First, consider ordinary decimal numbers. They have the form where the first digit on the right represents ones, the next is tens, then hundreds, etc. Going right of the first digit, there are tenths, hundredths, thousandths, etc. Note that 10 is 10^1, 100 is 10^2, 1000 is 10^3, etc. And 1 is 10^0, 0.1 is 10^-1, 0.01 is 10^-2, and so on. For numbers of other bases, the same principle applies. You can make the following chart, where "n" is the base for the number system:
...n^3 n^2 n^1 n^0 . n^-1 n^-2 n^-3...
For hex, n = 16. 16^0 = 1, so the n^0 slot is for ones. 16^1 = 16, so the n^1 slot is for the sixteens. 16^2 = 256, so n^2 is for the twohundredfiftysixes. Likewise going to the right, for the numbers < zero. 16^-1 is for the sixteenths, 16^-2 is for the twohundredfiftysixths, etc.
Well, enough of the theory, for now (I'm lazy).
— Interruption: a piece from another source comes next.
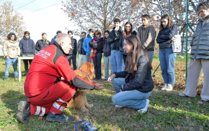 Dopo aver visitato i locali della struttura, non sono mancate le riflessioni sul coinvolgimento emotivo dei volontari e la visita direttamente sul «campo» della Cri. E poi, nel corso dei «lavori», spazio anche all’incontro con Dafne, Cesare e Giulio, i cani dell’unità cinofila in seno alla sede di Settimo che hanno dato una dimostrazione delle tecniche di addestramento e di salvataggio, oltre che del legame profondo con il loro padrone.

Here's an example of how you change a hex number to a decimal. Let's convert 3C9.B to decimal: The 9 is in the ones' spot, so it has a value of 9*1 = 9. The C is in the sixteens' slot, so it's 12*16 = 192. The 3 is in the twohundredfiftysixes' slot, so it's 3*256 = 768. Going to the right, the B is in the sixteenths slot, so it's 10*(1/16) = 10/16 = 0.625.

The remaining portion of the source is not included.